Pictures are to be left out. Return exactly the lines below from the one with "600 x 1193mm" up to and including the one with "Fabulous family upgraded".

**Study material**
⟨
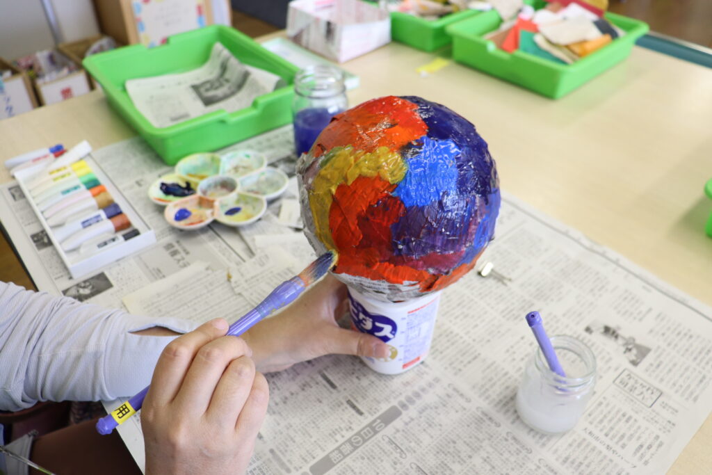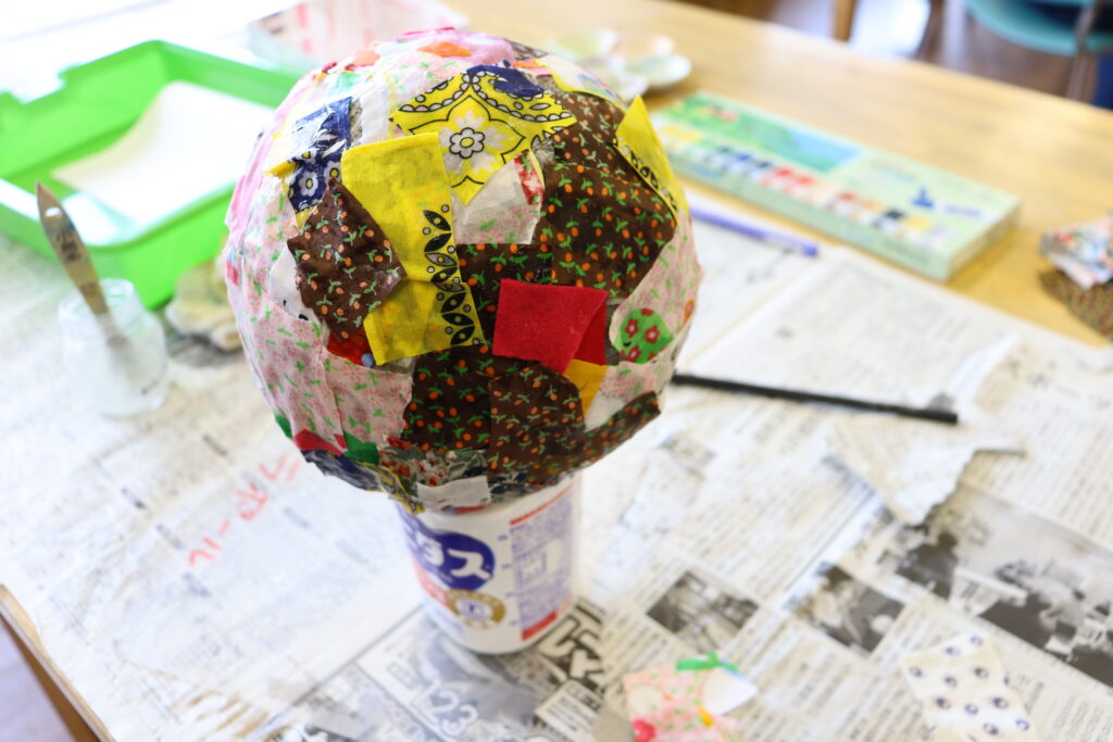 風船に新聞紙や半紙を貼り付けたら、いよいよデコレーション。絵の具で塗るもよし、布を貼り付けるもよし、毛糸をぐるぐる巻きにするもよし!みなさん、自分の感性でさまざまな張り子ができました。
⟩
⟨
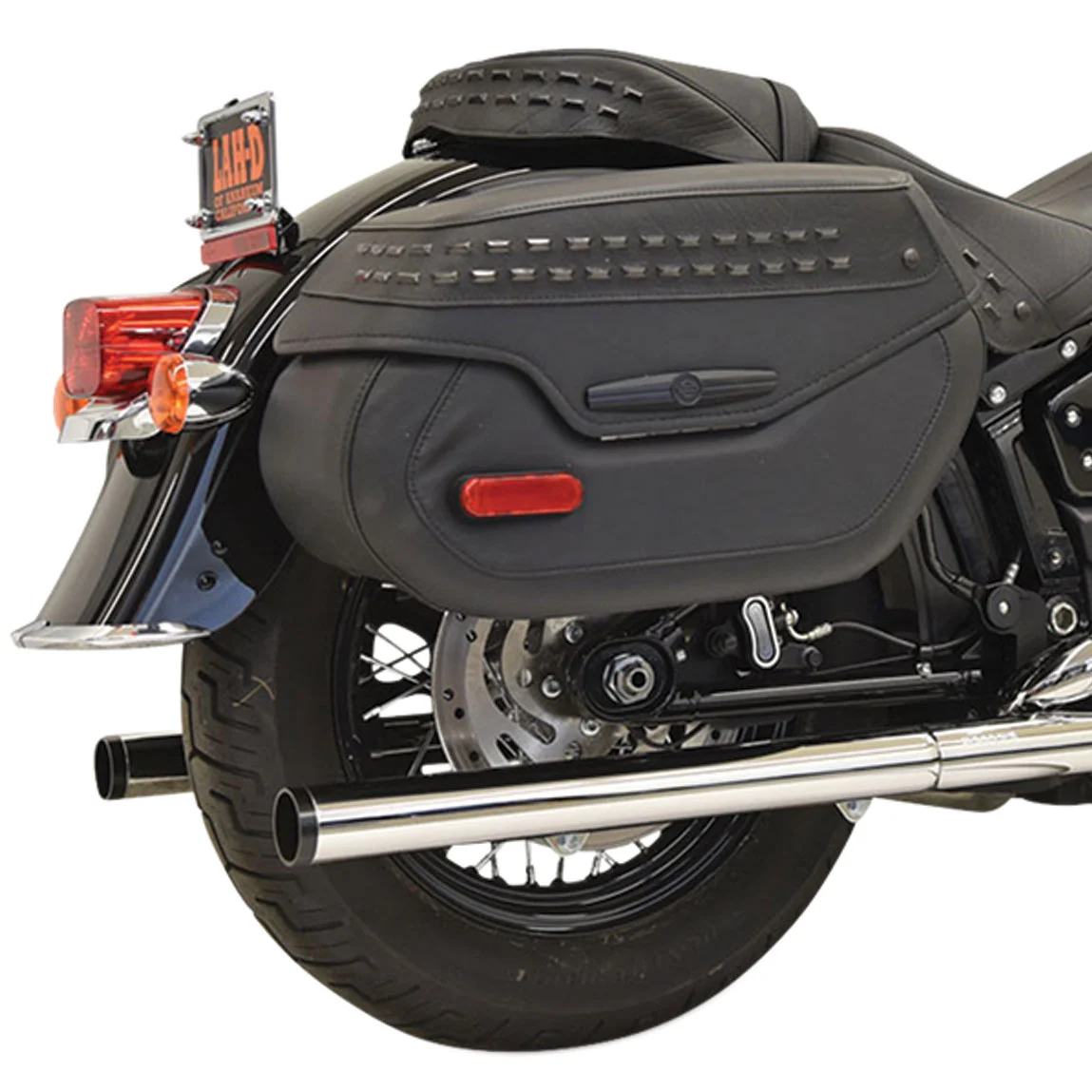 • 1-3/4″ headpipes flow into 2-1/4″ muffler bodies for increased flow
⟩
⟨
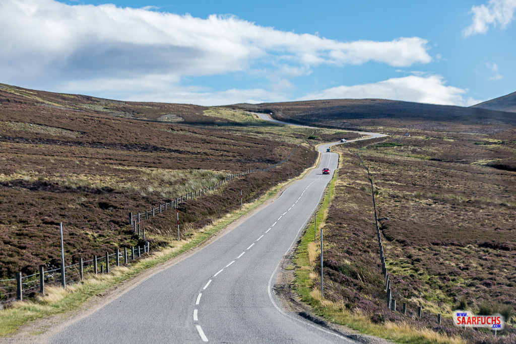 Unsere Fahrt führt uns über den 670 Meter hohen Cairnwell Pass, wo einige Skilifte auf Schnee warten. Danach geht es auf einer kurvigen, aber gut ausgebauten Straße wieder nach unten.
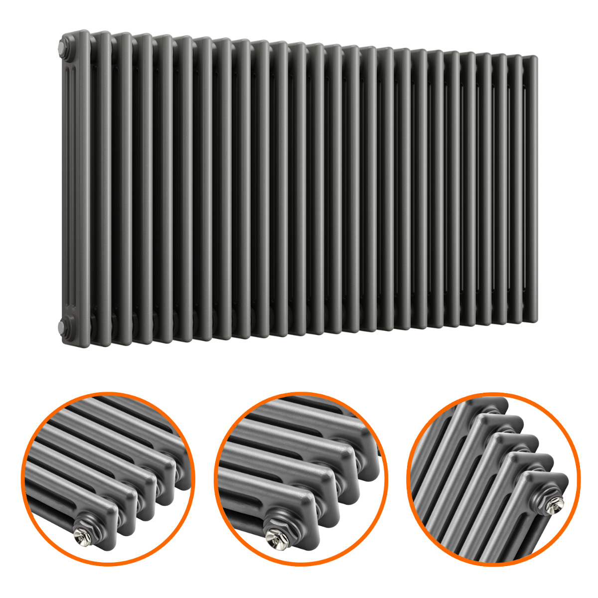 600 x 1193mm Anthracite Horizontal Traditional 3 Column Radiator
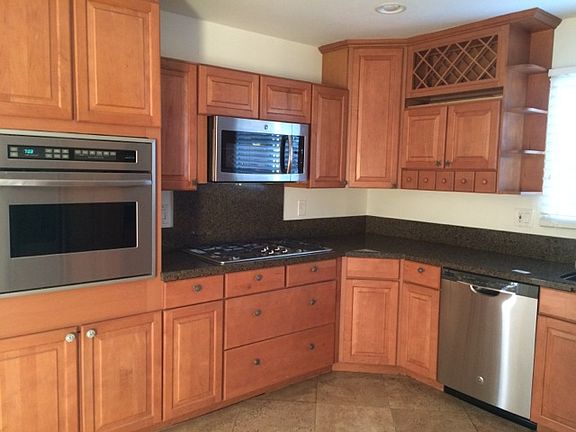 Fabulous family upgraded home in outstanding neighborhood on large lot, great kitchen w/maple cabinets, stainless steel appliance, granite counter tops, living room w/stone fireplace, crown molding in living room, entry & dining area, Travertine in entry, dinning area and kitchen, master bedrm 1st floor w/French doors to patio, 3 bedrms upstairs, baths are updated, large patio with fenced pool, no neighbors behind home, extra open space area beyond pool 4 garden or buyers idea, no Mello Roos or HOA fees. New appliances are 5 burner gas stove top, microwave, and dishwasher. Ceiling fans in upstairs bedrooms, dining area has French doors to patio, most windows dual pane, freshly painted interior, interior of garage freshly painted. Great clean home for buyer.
⟩
**Output for this task**
 600 x 1193mm Anthracite Horizontal Traditional 3 Column Radiator
 Fabulous family upgraded home in outstanding neighborhood on large lot, great kitchen w/maple cabinets, stainless steel appliance, granite counter tops, living room w/stone fireplace, crown molding in living room, entry & dining area, Travertine in entry, dinning area and kitchen, master bedrm 1st floor w/French doors to patio, 3 bedrms upstairs, baths are updated, large patio with fenced pool, no neighbors behind home, extra open space area beyond pool 4 garden or buyers idea, no Mello Roos or HOA fees. New appliances are 5 burner gas stove top, microwave, and dishwasher. Ceiling fans in upstairs bedrooms, dining area has French doors to patio, most windows dual pane, freshly painted interior, interior of garage freshly painted. Great clean home for buyer.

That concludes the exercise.